Your objective – Your answer must be the records below repeated word for word, with no pictures in it.

Supplied records –
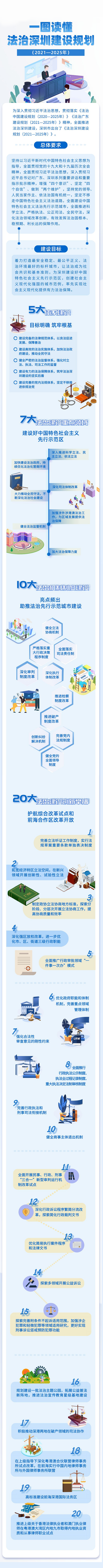 讀特客戶(hù)端·深圳新聞網(wǎng)2022年7月28日訊(記者 翁任瑩)建設(shè)5大體系,在7大法治建設(shè)重點(diǎn)領(lǐng)域發(fā)力,推出10大法治機(jī)制制度建設(shè),推出20大法治建設(shè)創(chuàng)新舉措……為打造安全穩(wěn)定、公平正義、法治環(huán)境最好的標(biāo)桿城市,深圳打算怎么做?一張長(zhǎng)圖了解最近出臺(tái)的《法治深圳建設(shè)規(guī)劃2021-2025年》。
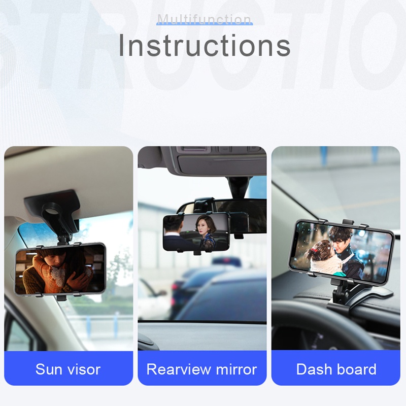 Specifications:Material: ABSSuitable: 3-7inch phoneInstallation location: Car rear view mirror,dashboard, sun visorColors: Black
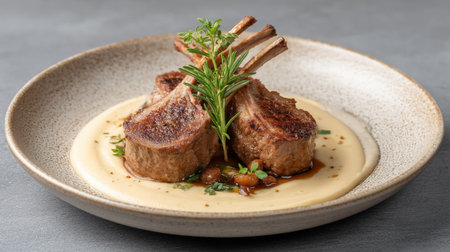 A visually appealing dish featuring tender lamb chops served on creamy mashed potatoes, garnished with fresh herbs and a rich sauce. Perfect for food enthusiasts.
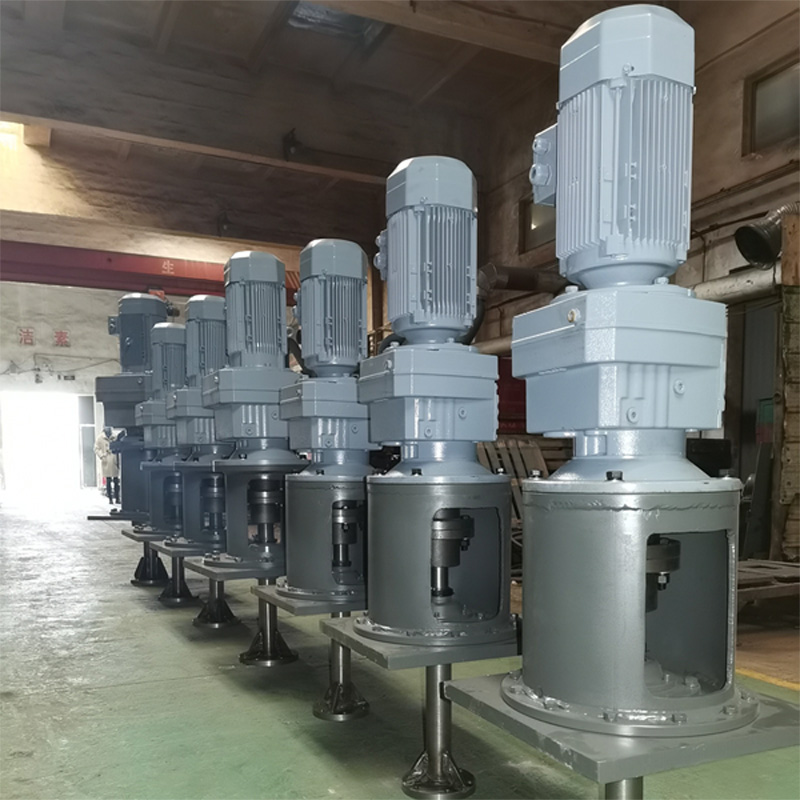 錨式框式攪拌器這種攪拌器的旋轉(zhuǎn)半徑與容器內(nèi)徑基本相等,間隙小,轉(zhuǎn)速低。這種攪拌器只是在槳葉外緣與容器內(nèi)壁之間產(chǎn)生較強(qiáng)的剪切作用,且攪動范圍大,因此,對高粘度液體的攪拌比較適宜。在某些生產(chǎn)過程中,這種攪拌器還可以用來防止器壁沉積現(xiàn)象。錨式和框式攪拌器基本上不生產(chǎn)軸向流動,故難以保證釜內(nèi)軸向的混合均勻。渦輪式攪拌器生產(chǎn)一般高速液流從徑向射出,夾帶周圍的流體形成流動。轉(zhuǎn)速較高,適用于低粘度或中等黏度的液體攪拌。造成的總體流動回路較為曲折,出口速度很大,槳葉外緣附近造成激烈的旋渦運(yùn)動和很大的剪切力,可將液體微團(tuán)分散得很細(xì)。因此,渦輪攪拌器對于要求小尺度均勻的攪拌過程更為適用。但是,渦輪攪拌器的釜內(nèi)有兩個回路,對于易分成的物料不合適。槳式攪拌器葉片數(shù)一般為2-4片,葉片型式可分為平直葉式和折葉式兩種。液液系中用于防止分離、使罐的溫度均一,固液系中多用于防止固體沉降。主要用于流體的循環(huán),由于在同樣排量下,折葉式比平直葉式的功耗少,操作費(fèi)用低,故軸流槳葉使用較多,也用于高粘流體攪拌,促.進(jìn)流體的上下交換,代替螺帶式葉輪,能獲得很好的效果。槳式,推進(jìn)式,渦輪式和錨式攪拌器在攪拌反應(yīng)設(shè)備中使用廣泛。
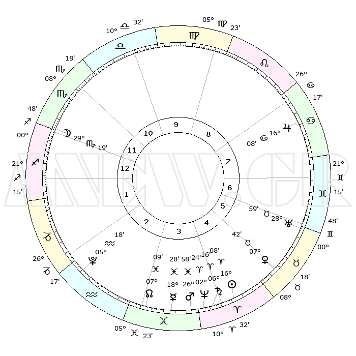 | | ΘΕΣΕΙΣ ΠΛΑΝΗΤΩΝ ΑΣΤΡΟΛΟΓΙΚΟΥ ΧΑΡΤΗ ΤΗΣ ΣΤΙΓΜΗΣ ΑΥΤΗΣ | | | | Πλανήτης | Ζώδιο | Μοίρες | Δεκαήμ. | Σε οίκο | Απόκλιση | | Ακμές των οίκων | | Ηλιος | Κριός | 16°04' | Δεύτερο | 5 | 06 N 19 | | 1ος | 29°55' | Σκορπιός | | Σελήνη | Σκορπιός | 28°28' | Τρίτο | 12 | 24 S 46 | | 2ος | 01°02' | Αιγόκερως | | Ερμής | Ιχθείς | 18°23' | Δεύτερο | 4 | 06 S 23 | | 3ος | 06°43' | Υδροχόος | | Αφροδίτη | Ταύρος | 07°37' | Πρώτο | 5 | 13 N 49 | | 4ος | 12°46' | Ιχθείς | | Αρης | Ιχθείς | 26°55' | Τρίτο | 4 | 02 S 10 | | 5ος | 13°49' | Κριός | | Δίας | Καρκίνος | 16°08' | Δεύτερο | 8 | 22 N 50 | | 6ος | 08°52' | Ταύρος | | Κρόνος | Κριός | 06°16' | Πρώτο | 4 | 00 N 32 | | 7ος | 29°55' | Ταύρος | | Ουρανός | Ταύρος | 28°59' | Τρίτο | 6 | 19 N 46 | | 8ος | 01°02' | Καρκίνος | | Ποσειδώνας | Κριός | 02°23' | Πρώτο | 4 | 00 S 15 | | 9ος | 06°43' | Λέων | | Πλούτωνας | Υδροχόος | 05°17' | Πρώτο | 2 | 22 S 47 | | 10ος | 12°46' | Παρθένος | | Β. Δεσμός | Ιχθείς | 07°09' | Πρώτο | 3 | 08 S 53 | | 11ος | 13°49' | Ζυγός | | Ωροσκόπος | Σκορπιός | 29°55' | Τρίτο | | | 12ος | 08°52' | Σκορπιός | | Μεσουράνημα | Παρθένος | 12°46' | Δεύτερο | | | |
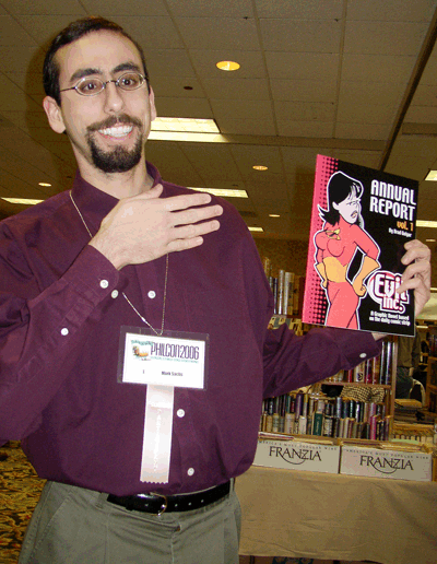 PhilCon was my last convention appearance of the year and I can definitely say I went out on a high note. As you may remember from an earlier post, I was a little hesitant about this convention. However, once I got there, I realized that I had lucked into a very nice convention thrown by excellent people. One of the organizers even came over to make sure I didn’t have any hard feelings about their guest policy. One of the many people who came up to say hello and peruse through the books was Mark Sachs (above, right) who illustrates A Miracle of Science.
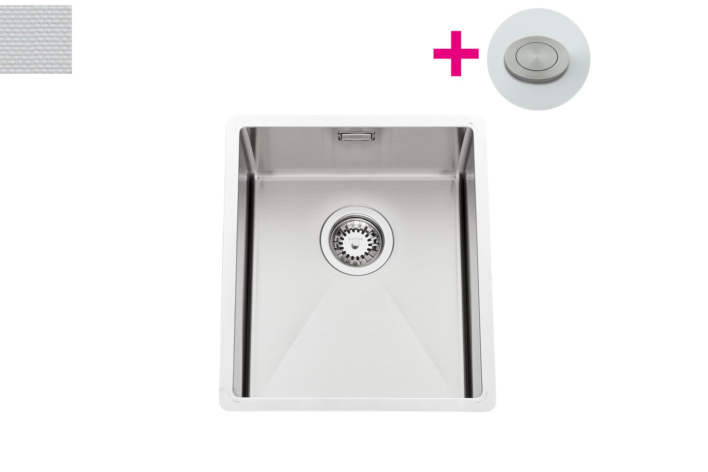 Diamètre de perçage pour la manette de vidage : 35 mm. Cuve sous-plan Luisinox avec vidage automatique bouton poussoir satiné.
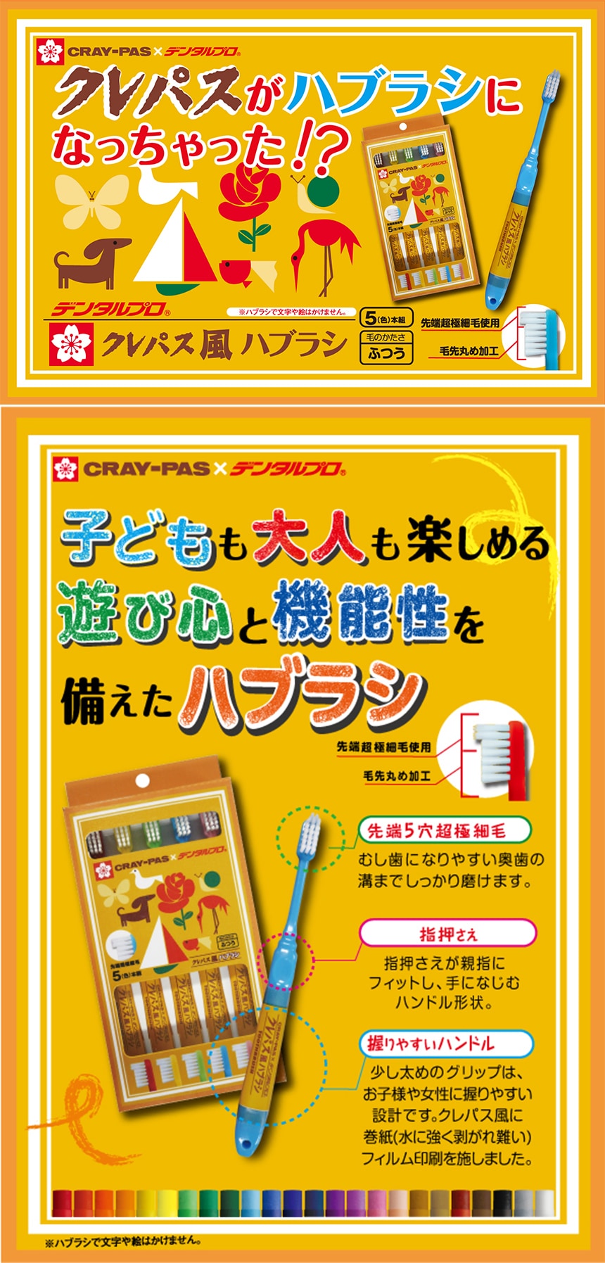[6セット]デンタルプロ クレパス風ハブラシ ふつう 5本組 | サクラクレパスの「クレパス」デザインをそのままハブラシに。先端5穴に超極細毛使用
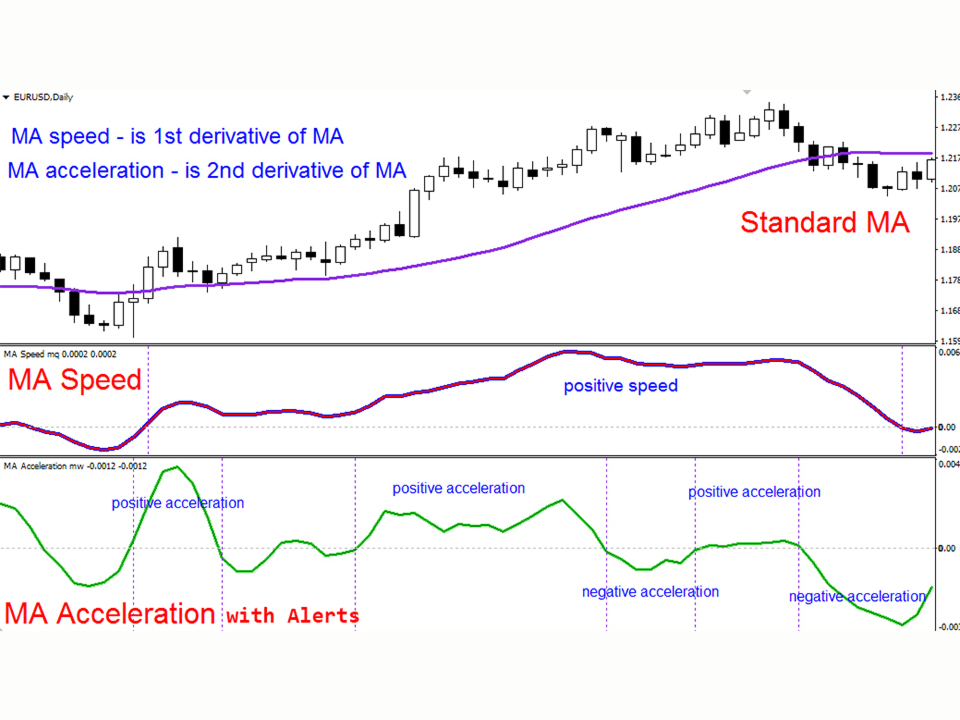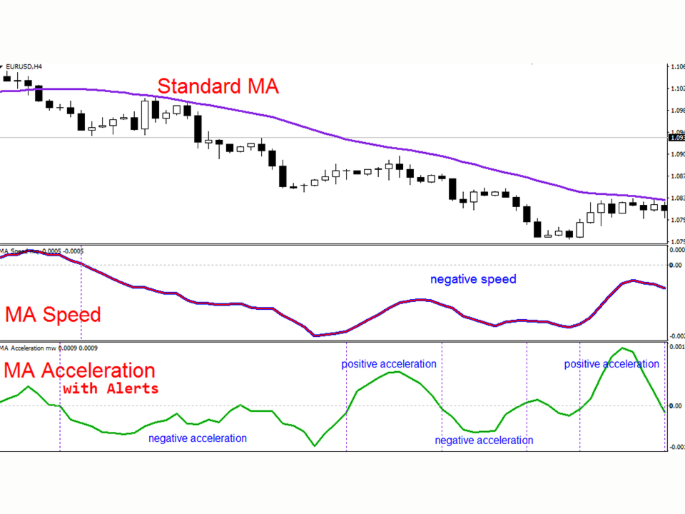 - Si el valor del indicador MA Acceleration es < 0: la velocidad de la MA aumenta en dirección bajista; si el valor del indicador MA Acceleration es > 0: la velocidad de la MA aumenta en dirección alcista.
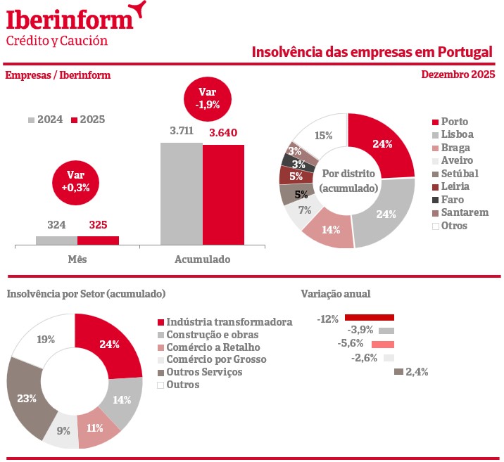 Em dezembro de 2025, o número de insolvências apresentou um ligeiro aumento de 0,3% em comparação com o mês homólogo de 2024. No entanto, em termos acumulados, o total de ações de insolvência registadas ao longo de 2025 evidenciou uma redução de 2% face ao mesmo período do ano anterior. No total, foram registadas 3.640 empresas insolventes em 2025, menos 71 do que em 2024.
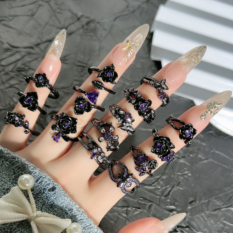 Trendy Dark Style Purple Diamond Cool Flower Thorn Purple Night Floral Fashion Ring Unisex Street Punk Ring
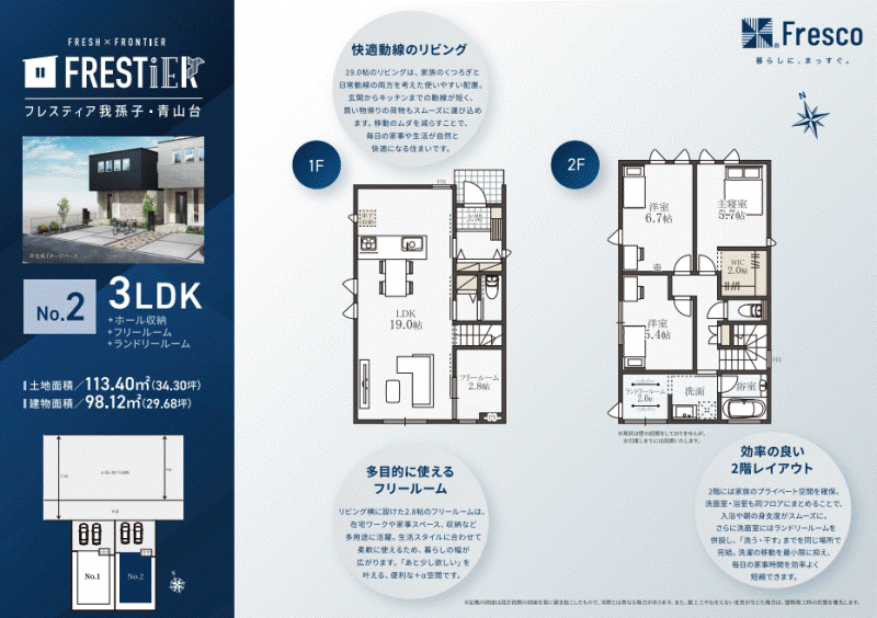 2号棟(プラン) ・快適動線のリビング ・多目的に使えるフリールーム ・効率の良い2階レイアウト

Task answer –
 讀特客戶(hù)端·深圳新聞網(wǎng)2022年7月28日訊(記者 翁任瑩)建設(shè)5大體系,在7大法治建設(shè)重點(diǎn)領(lǐng)域發(fā)力,推出10大法治機(jī)制制度建設(shè),推出20大法治建設(shè)創(chuàng)新舉措……為打造安全穩(wěn)定、公平正義、法治環(huán)境最好的標(biāo)桿城市,深圳打算怎么做?一張長(zhǎng)圖了解最近出臺(tái)的《法治深圳建設(shè)規(guī)劃2021-2025年》。
 Specifications:Material: ABSSuitable: 3-7inch phoneInstallation location: Car rear view mirror,dashboard, sun visorColors: Black
 A visually appealing dish featuring tender lamb chops served on creamy mashed potatoes, garnished with fresh herbs and a rich sauce. Perfect for food enthusiasts.
 錨式框式攪拌器這種攪拌器的旋轉(zhuǎn)半徑與容器內(nèi)徑基本相等,間隙小,轉(zhuǎn)速低。這種攪拌器只是在槳葉外緣與容器內(nèi)壁之間產(chǎn)生較強(qiáng)的剪切作用,且攪動范圍大,因此,對高粘度液體的攪拌比較適宜。在某些生產(chǎn)過程中,這種攪拌器還可以用來防止器壁沉積現(xiàn)象。錨式和框式攪拌器基本上不生產(chǎn)軸向流動,故難以保證釜內(nèi)軸向的混合均勻。渦輪式攪拌器生產(chǎn)一般高速液流從徑向射出,夾帶周圍的流體形成流動。轉(zhuǎn)速較高,適用于低粘度或中等黏度的液體攪拌。造成的總體流動回路較為曲折,出口速度很大,槳葉外緣附近造成激烈的旋渦運(yùn)動和很大的剪切力,可將液體微團(tuán)分散得很細(xì)。因此,渦輪攪拌器對于要求小尺度均勻的攪拌過程更為適用。但是,渦輪攪拌器的釜內(nèi)有兩個回路,對于易分成的物料不合適。槳式攪拌器葉片數(shù)一般為2-4片,葉片型式可分為平直葉式和折葉式兩種。液液系中用于防止分離、使罐的溫度均一,固液系中多用于防止固體沉降。主要用于流體的循環(huán),由于在同樣排量下,折葉式比平直葉式的功耗少,操作費(fèi)用低,故軸流槳葉使用較多,也用于高粘流體攪拌,促.進(jìn)流體的上下交換,代替螺帶式葉輪,能獲得很好的效果。槳式,推進(jìn)式,渦輪式和錨式攪拌器在攪拌反應(yīng)設(shè)備中使用廣泛。
 | | ΘΕΣΕΙΣ ΠΛΑΝΗΤΩΝ ΑΣΤΡΟΛΟΓΙΚΟΥ ΧΑΡΤΗ ΤΗΣ ΣΤΙΓΜΗΣ ΑΥΤΗΣ | | | | Πλανήτης | Ζώδιο | Μοίρες | Δεκαήμ. | Σε οίκο | Απόκλιση | | Ακμές των οίκων | | Ηλιος | Κριός | 16°04' | Δεύτερο | 5 | 06 N 19 | | 1ος | 29°55' | Σκορπιός | | Σελήνη | Σκορπιός | 28°28' | Τρίτο | 12 | 24 S 46 | | 2ος | 01°02' | Αιγόκερως | | Ερμής | Ιχθείς | 18°23' | Δεύτερο | 4 | 06 S 23 | | 3ος | 06°43' | Υδροχόος | | Αφροδίτη | Ταύρος | 07°37' | Πρώτο | 5 | 13 N 49 | | 4ος | 12°46' | Ιχθείς | | Αρης | Ιχθείς | 26°55' | Τρίτο | 4 | 02 S 10 | | 5ος | 13°49' | Κριός | | Δίας | Καρκίνος | 16°08' | Δεύτερο | 8 | 22 N 50 | | 6ος | 08°52' | Ταύρος | | Κρόνος | Κριός | 06°16' | Πρώτο | 4 | 00 N 32 | | 7ος | 29°55' | Ταύρος | | Ουρανός | Ταύρος | 28°59' | Τρίτο | 6 | 19 N 46 | | 8ος | 01°02' | Καρκίνος | | Ποσειδώνας | Κριός | 02°23' | Πρώτο | 4 | 00 S 15 | | 9ος | 06°43' | Λέων | | Πλούτωνας | Υδροχόος | 05°17' | Πρώτο | 2 | 22 S 47 | | 10ος | 12°46' | Παρθένος | | Β. Δεσμός | Ιχθείς | 07°09' | Πρώτο | 3 | 08 S 53 | | 11ος | 13°49' | Ζυγός | | Ωροσκόπος | Σκορπιός | 29°55' | Τρίτο | | | 12ος | 08°52' | Σκορπιός | | Μεσουράνημα | Παρθένος | 12°46' | Δεύτερο | | | |
 PhilCon was my last convention appearance of the year and I can definitely say I went out on a high note. As you may remember from an earlier post, I was a little hesitant about this convention. However, once I got there, I realized that I had lucked into a very nice convention thrown by excellent people. One of the organizers even came over to make sure I didn’t have any hard feelings about their guest policy. One of the many people who came up to say hello and peruse through the books was Mark Sachs (above, right) who illustrates A Miracle of Science.
 Diamètre de perçage pour la manette de vidage : 35 mm. Cuve sous-plan Luisinox avec vidage automatique bouton poussoir satiné.
[6セット]デンタルプロ クレパス風ハブラシ ふつう 5本組 | サクラクレパスの「クレパス」デザインをそのままハブラシに。先端5穴に超極細毛使用
 - Si el valor del indicador MA Acceleration es < 0: la velocidad de la MA aumenta en dirección bajista; si el valor del indicador MA Acceleration es > 0: la velocidad de la MA aumenta en dirección alcista.
 Em dezembro de 2025, o número de insolvências apresentou um ligeiro aumento de 0,3% em comparação com o mês homólogo de 2024. No entanto, em termos acumulados, o total de ações de insolvência registadas ao longo de 2025 evidenciou uma redução de 2% face ao mesmo período do ano anterior. No total, foram registadas 3.640 empresas insolventes em 2025, menos 71 do que em 2024.
 Trendy Dark Style Purple Diamond Cool Flower Thorn Purple Night Floral Fashion Ring Unisex Street Punk Ring
 2号棟(プラン) ・快適動線のリビング ・多目的に使えるフリールーム ・効率の良い2階レイアウト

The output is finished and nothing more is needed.